Еще один способ ограничить число нужных правок заключается в том, чтобы вносить только те изменения, которые относятся к генам. Геном имеет огромные размеры, и только малая его часть (к примеру, у человека – около 1,5 %) состоит из генов, кодирующих информацию о белках, в то время как вся остальная часть представлена другой ДНК, не кодирующей ничего. Поскольку гены кодируют информацию о белках, а из белков складывается фенотип, наиболее важные генетические различия между двумя видами, вероятно, лежат непосредственно в последовательностях генов.
Удивительно, но эта стратегия имеет некоторые недостатки. К примеру, нам неизвестно расположение всех генов в геноме мамонта, и для их обнаружения придется строить догадки, основываясь на имеющейся у нас информации (сравнении с более детально изученными геномами), и даже в этом случае нам, возможно, не удастся найти все гены. Кроме того, сосредоточившись только на тех отличиях, которые касаются генов, мы рискуем пропустить важные расхождения в некодирующей части генома, которые могут, к примеру, влиять на то, когда и насколько сильно экспрессируется ген. Различия в экспрессии генов способны привести к появлению разных фенотипов, даже если сама последовательность генов абсолютно одинакова.
Не исключено, что в этом случае нам понадобится внести в геномную последовательность все возможные изменения. Джон Чёрч считает, что вскоре это станет осуществимым на практике. Он считает, что ключ к решению в том, чтобы уменьшить число cгРНК, вырезая и вставляя длинные (очень-очень длинные) фрагменты ДНК. Вместо того чтобы вносить всего несколько изменений при помощи одной cгРНК, мы сможем делать тысячи, если не десятки тысяч, изменений за один раз. Уже сейчас группа Джорджа в состоянии синтезировать нити ДНК длиной в 50 тысяч спаренных оснований. Хотя точность таких длинных синтетических цепочек все еще далека от идеала, технология совершенствуется, в то время как ее стоимость падает. Если бы нам удалось синтезировать весь геном мамонта, скажем, кусками по 100 тысяч пар оснований, то мы могли бы вырезать и вставить весь геном мамонта внутрь генома индийского слона при помощи менее чем 350 cгРНК.

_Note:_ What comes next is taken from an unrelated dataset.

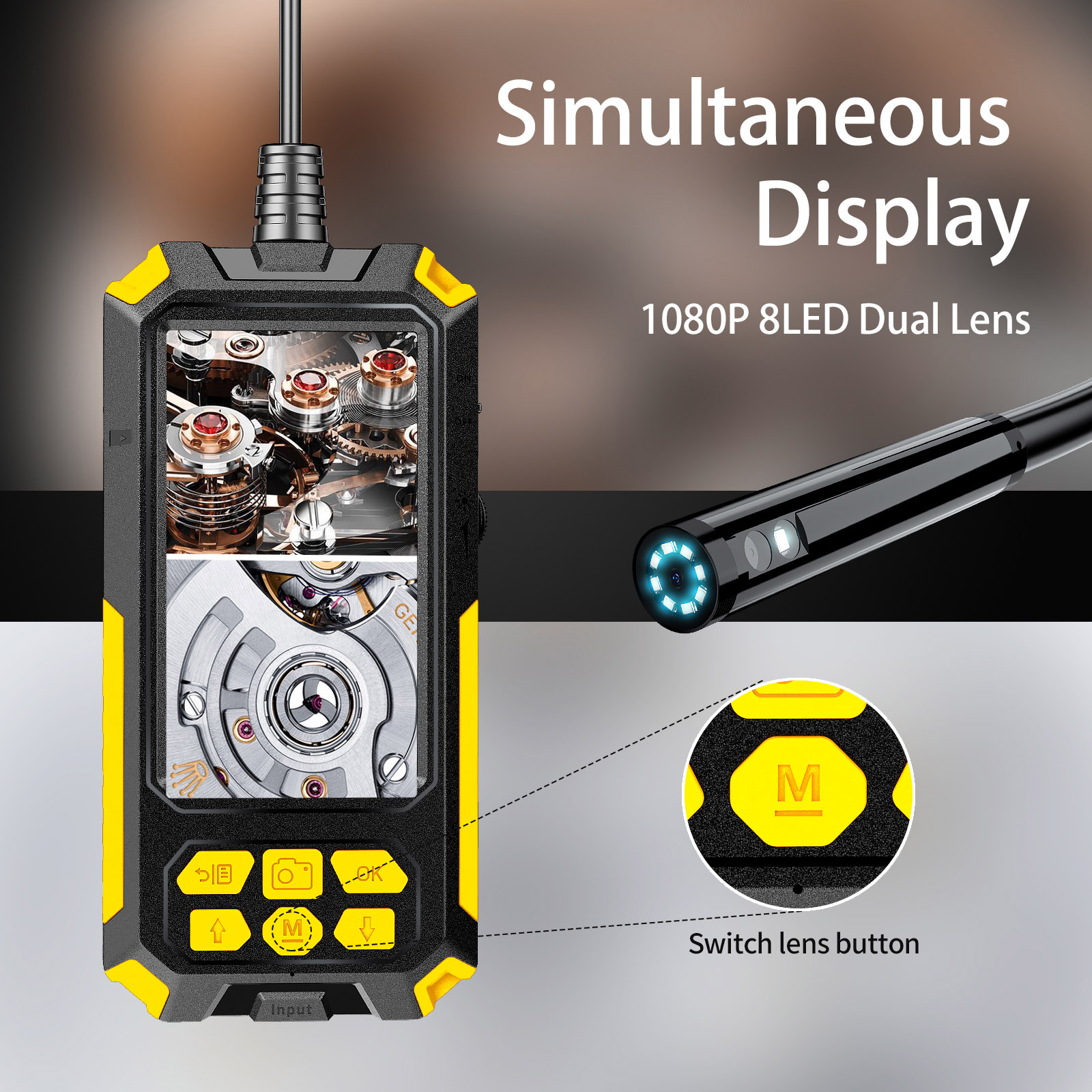 1. 【Двухобъективный эндоскоп 1080P 】 Благодаря дополнительному объективу сбоку камеры Наш эндоскоп позволяет переключать передний обзор, боковой обзор и просмотр с двумя объективами с помощью одной кнопки. Фокусный диапазон передней камеры составляет 4-5 м, лучший фокусный диапазон составляет 3-16 см, а боковая камера-3-10 см.

Однако 350 – это все еще очень много, и, исходя из вышеописанной логики, нам понадобилось бы до нелепости огромное число клеток, даже если бы все эксперименты по вырезанию и вставке имели исключительно высокую результативность. Однако логика, изложенная выше, не особенно логична, и она не учитывает то, как мы будем проводить этот эксперимент в реальности. Вместо того чтобы попытать счастья, рассчитывая, что 100 (или 350) маловероятных событий произойдут одновременно, мы будем проводить эксперимент поэтапно, внося несколько изменений и оценивая результат, а затем добавляя еще несколько изменений в те клетки, которые удалось успешно отредактировать, и т. д. Эксперимент все равно будет очень трудным, и на его завершение все равно потребуется много времени, однако при таком подходе результат в принципе достижим.
Сейчас нам неизвестна полная геномная последовательность мамонта. Однако есть вероятность, что мы выясним большую ее часть в течение нескольких лет. Пока что мы не можем отредактировать геном индийского слона таким образом, чтобы он полностью соответствовал геному мамонта. Эта технология также совершенствуется. На самом деле технологии, необходимые для этого конкретного этапа возрождения вымерших видов, вероятно, прогрессируют быстрее всего.